In the realm of AI-generated imagery, both DALL-E and Midjourney demonstrate a varying degree of proficiency in text generation, especially when comparing common phrases to more niche or specialized ones. For instance, generating widely recognized phrases like “Happy Birthday” tends to be more successful for both platforms, likely due to the prevalence of such phrases in their training datasets. However, when it comes to less common phrases, such as “2023 in AI”, the results can be less reliable. The models may struggle to understand and correctly place less frequently encountered terms within an appropriate context. Moreover, when it comes to the placement of text within images, Midjourney shows a particular limitation. Unlike DALL-E, which generally manages to integrate text more seamlessly into the visual narrative, Midjourney often falters in accurately positioning text. This discrepancy can be crucial for projects where the spatial arrangement of text is as important as its content, underscoring the need for continued advancements in AI’s understanding of the intricate relationship between textual and visual elements.

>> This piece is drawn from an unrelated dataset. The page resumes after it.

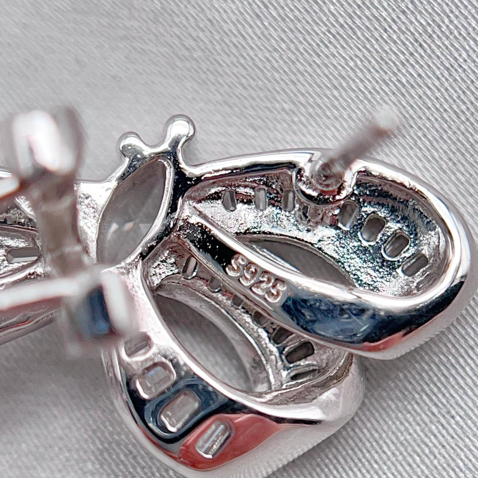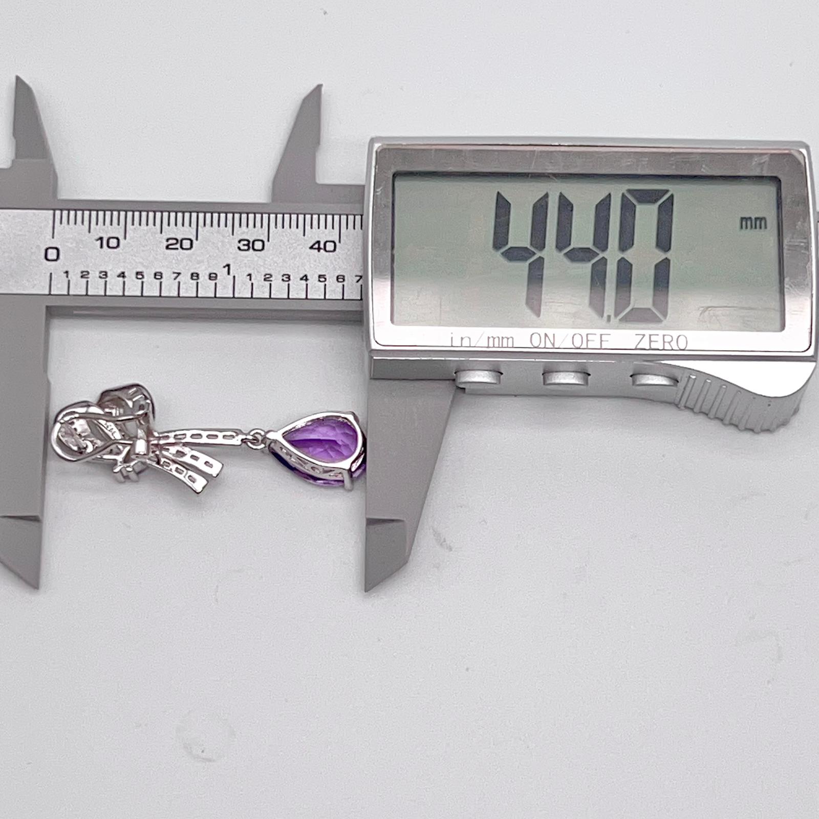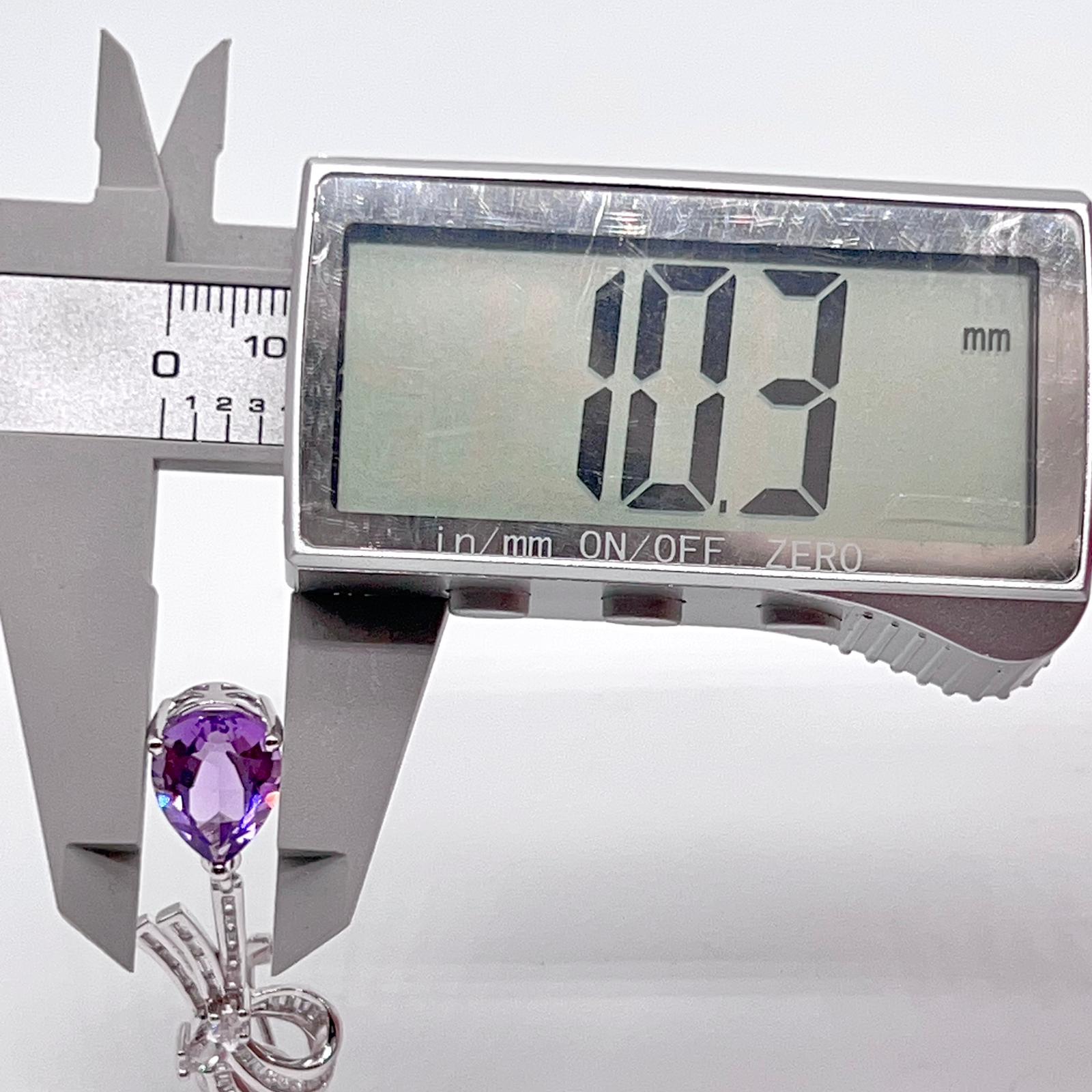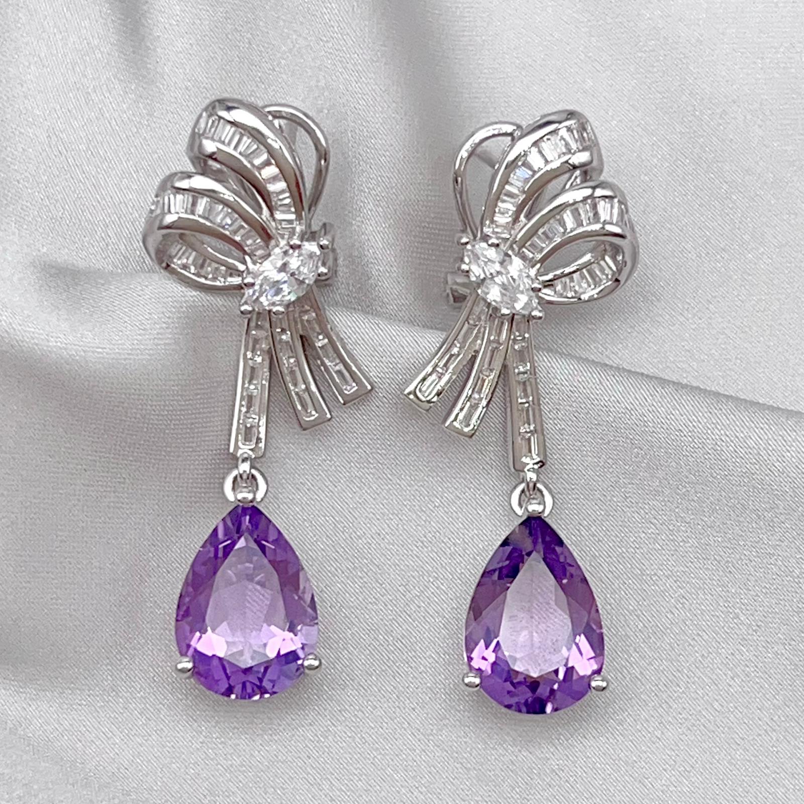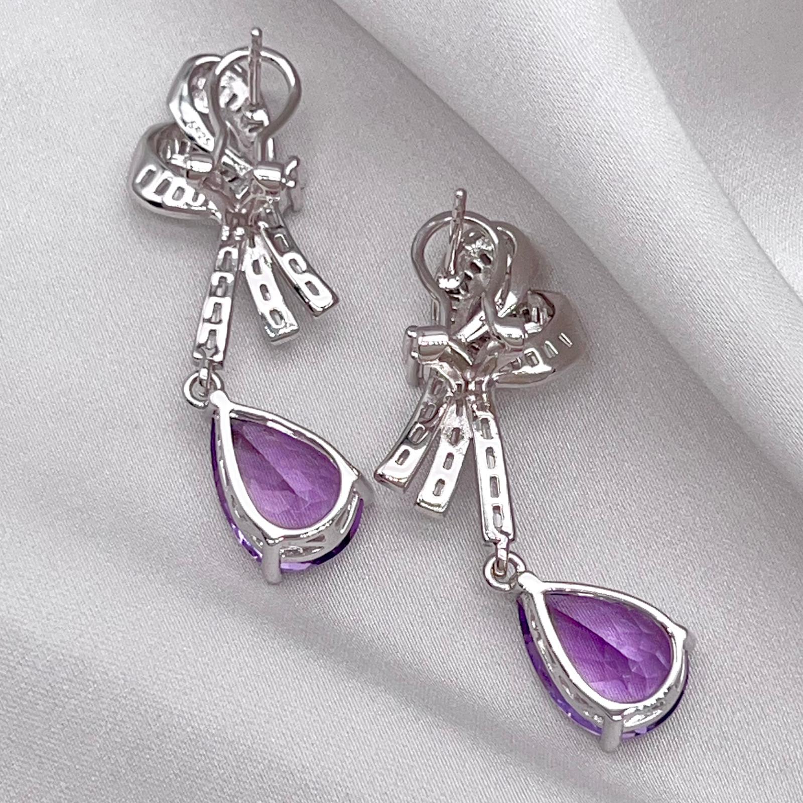 These contemporary cocktail earrings feature a stunning pear-cut Amethyst drop suspended from a delicate, sparkling silver ribbon motif. Crafted in 925 Sterling Silver, the bow design is encrusted with white stones, adding a touch of glamour and movement.

In the following examples, DALL-E tends to get the spelling and positioning of the text more right than Midjourney 6, but both are still in dire need of improvement before the image can be used “in production”. One important caveat is that inpainting with AI allows for easy correction of errors.

Alignment

DALL-E, developed by OpenAI, operates under a more restrictive framework regarding image prompt interpretation, which can sometimes result in outputs that diverge from the user’s original specifications. This deviation is partly due to OpenAI’s policy of rewriting every user prompt before generating an image. This approach, designed to adhere to ethical guidelines and prevent the creation of inappropriate or harmful content, can inadvertently lead to discrepancies between the user’s intent and the final image. For instance, if a user’s prompt contains elements that the system deems sensitive or potentially problematic, the AI may alter the prompt to fit within its operational guidelines, thereby producing an image that might not align precisely with the user’s initial vision. This contrasts with less restrictive platforms, where the fidelity to the original prompt tends to be higher, granting users more control over the final output. While OpenAI’s cautious approach prioritizes safety and responsibility, it also highlights the delicate balance between creative freedom and ethical constraints in AI-generated content.

Future Prospects

Despite these challenges, the progress in AI-generated imagery, including text, is undeniable. As AI models continue to evolve, they will likely develop better mechanisms for understanding and integrating text within images. This could involve more advanced natural language processing capabilities or more sophisticated training that allows for a deeper understanding of the interplay between visual and textual elements.

Looking Forward to 2024

To sum up, DALL-E 3 and Midjourney 6 have significantly progressed in the field of AI-generated imagery, yet the journey towards achieving precise and context-sensitive text integration in these images is ongoing. The intricacies involved in language interpretation, context comprehension, and the harmonization of visual elements with textual content present formidable challenges. However, the continuous advancements in AI technology inspire optimism for enhanced capabilities in text generation, promising even more sophisticated developments as we move into 2024.